This from Bloomberg last week

Aug. 6 (Bloomberg) -- Oil-tanker rental rates may rise after last week's 46 percent slump spurred owners to slow their vessels, reducing supply and increasing costs for oil producers and refineries who hire the vessels.

Thanks

Doesn't make much sense to me.

FF

Unless you assume current reported crude production is somewhat detached from reality...

Reported August production should be interesting. Looking as if it's going to be way down but no real figures yet.

So down, because demand is 'soft' as OPEC puts it?

Interesting.

What was masking this all along for first half of '08? The China pre-Olympics demand (as claimed by OPEC)?

No one in China can buy until the gov't works out either a price rise or a continuation of the tax rebates. Nobody knows what to expect, so everybody's sitting on their hands. And here we're taking inventories in crude and products down to the absolute possible bottom before anyone will do any buying. I imagine buying will be at an absolute minimum until the elections.

Signs that we're very close to or at the bottom: Even the people in here are thinking about unloading oil investments, all the media headlines are about the end of the commodity bubble, and all the vehicles in the poker room parking lots are SUVs again.

the vehicles in the poker room parking lots are SUVs again

A CRITICAL leading indicator !

Best Hopes for Price Elasticity of Demand,

Alan

Moe,

I really appreciate your insights on the market. I've read many-many posts of yours, so this time I'll keep it very simple by asking:

Do you think there is a floor to WTI spot in the ***PRESENT*** geopolitical and economic situation - and if so what's that level?

***PRESENT*** i.e.: coming recesseion in Europe, financial troubles everywhere, relatively strong dollar, relatively weak Chiniese demand and the BTC closed *** PRESENT***

(My reading of the situation very briefly: 107-108 floor now, prices in trading range between 110-130 until mid September, price spike in October and WTI spot at USD 150 in late November)

What's yours?

all the vehicles in the poker room parking lots are SUVs again

ROFL!

I do remember posting during oil's rise early this year that I didn't think $3.50/gal was high enough to cause lifestyle changes. I posted later that $4.00/gal looked like it was. Around here we're back in the $3.70 range, and I don't think that's high enough. Here's hoping gasoline moves back up to $4.00+.

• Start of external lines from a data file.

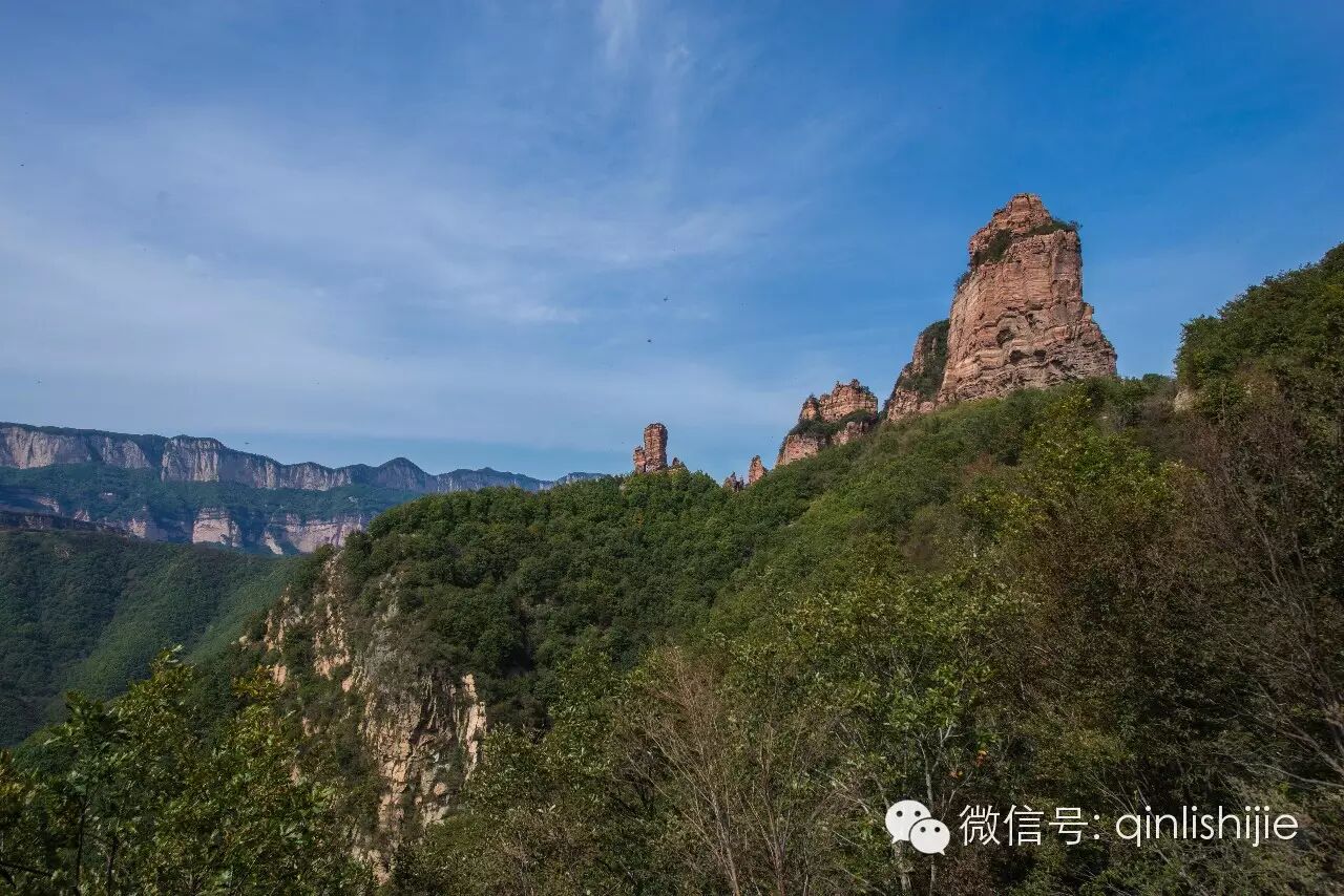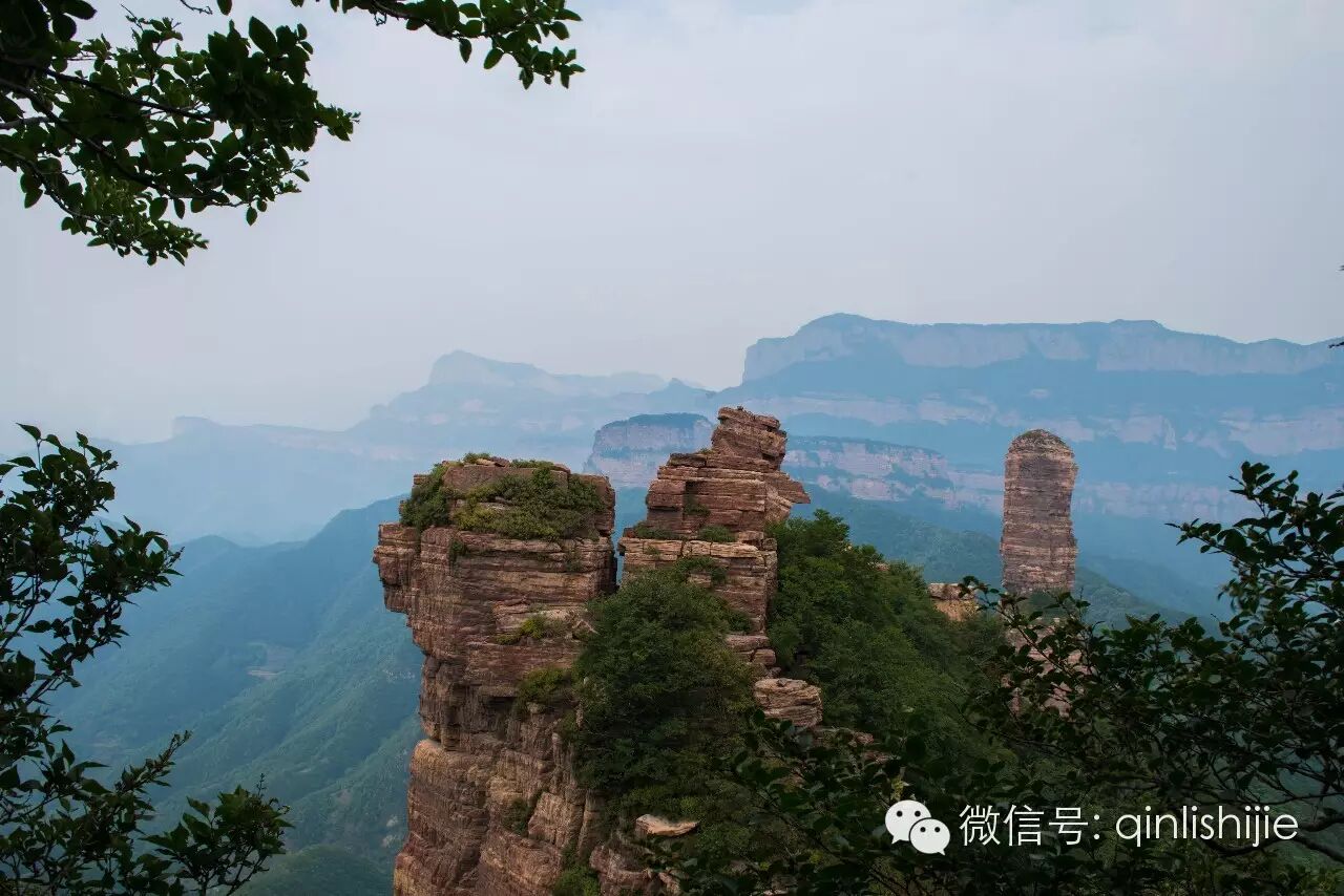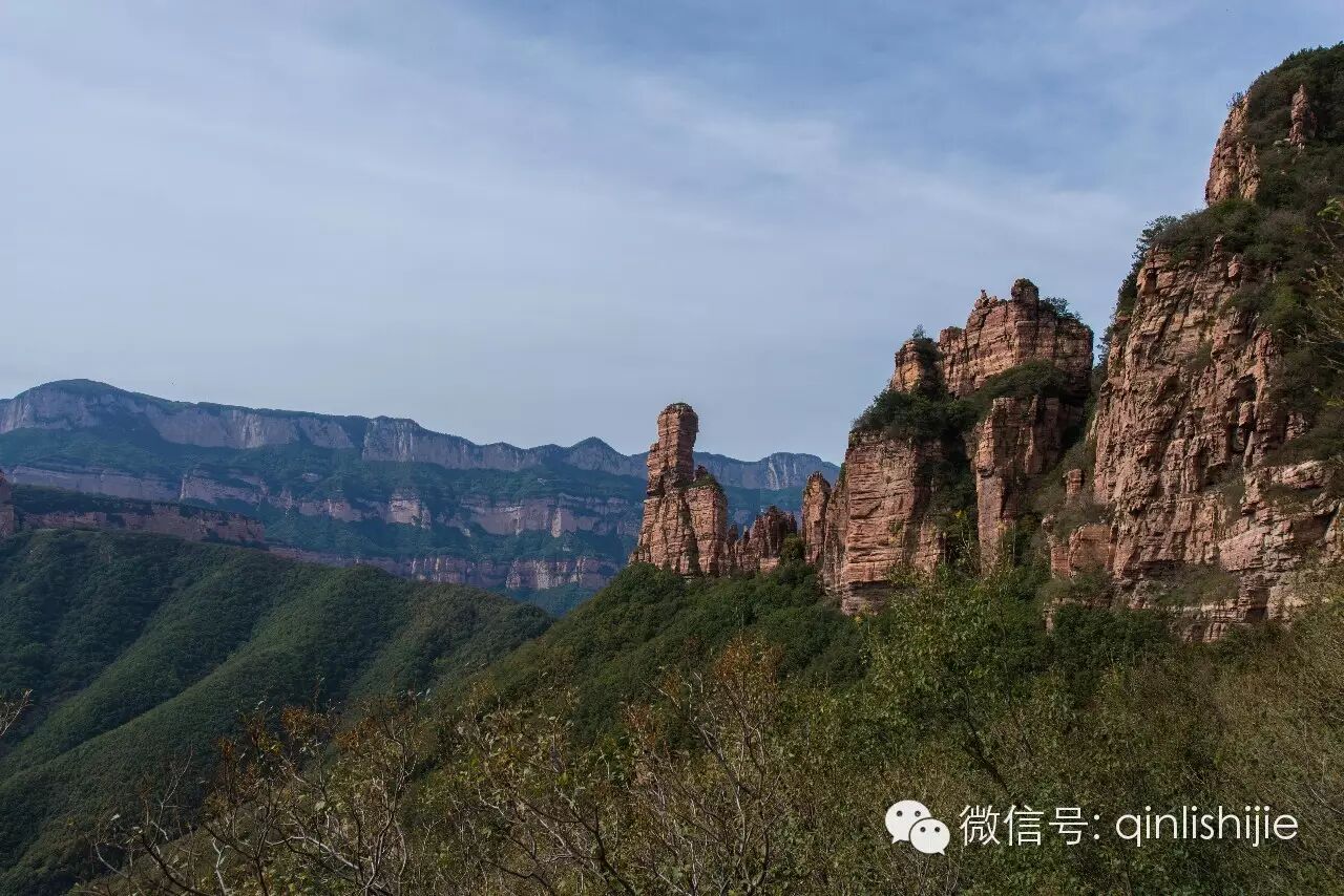 (从嶂石岩西南山往东看三县垴与九女峰风姿)
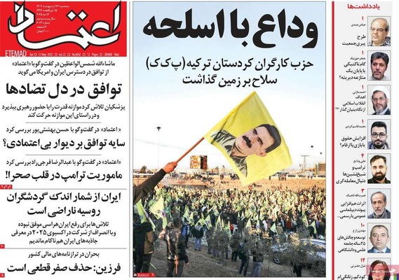 صفحه نخست روزنامههای سهشنبه ۲۳ اردیبهشت ۱۴۰۴ را که به انحلال تاریخی پ.ک.ک، گفتوگوی قم و نجف، کلید مذاکرات در تهران و مهمترین رویدادهای ورزشی پرداختهاند؛ در ادامه مشاهده میکنید.
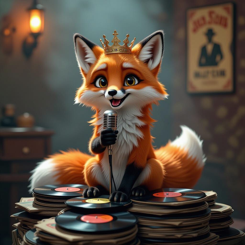 This image shows a fox in a gothic crown singing into a vintage microphone atop vinyl records. Bohemian folk art style with earthy tones and vintage grain.
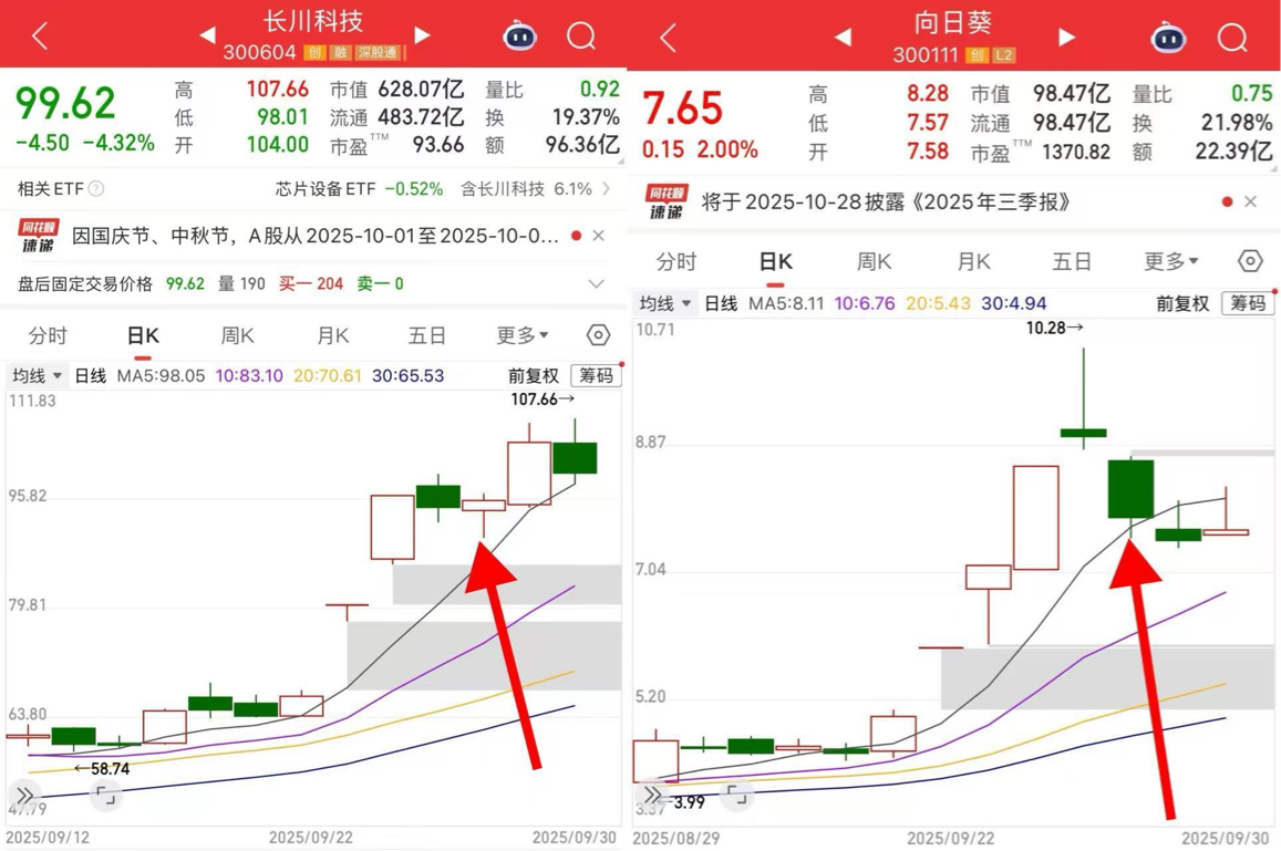 比如我们看九月末行情最强的题材是芯片半导体无疑,而赚钱效应也是主要聚集在20cm,因为九月末以前20cm是没有三连板的,而向日葵 早盘主动涨停硬板突破了20cm三连板高度压制,按我们上文来说突破当天也是很好的模式内关注点,毫无疑问的核心,而这时如果按向日葵三连板涨停时间来看,长川科技 晚于向日葵就是后排,所以如果要选择参与长川科技二连板还是向日葵三连板自然是后者,有龙做龙聚焦前排。

BTW, it seemed to me oil had a nice close today. It looked like it had been trying to set up $113 as a floor. All week it has bouncing back up every time it dipped below $113. Today it as low as 111-and-change and stayed below 113 almost all day, until a rise late in trading pushed it back over 113 (~$113.50 at the moment).

In norway the price of gas is more than twice as high and they have high taxes on cars. I think some people prefer using the bus or a smaller car but some are still driving large cars.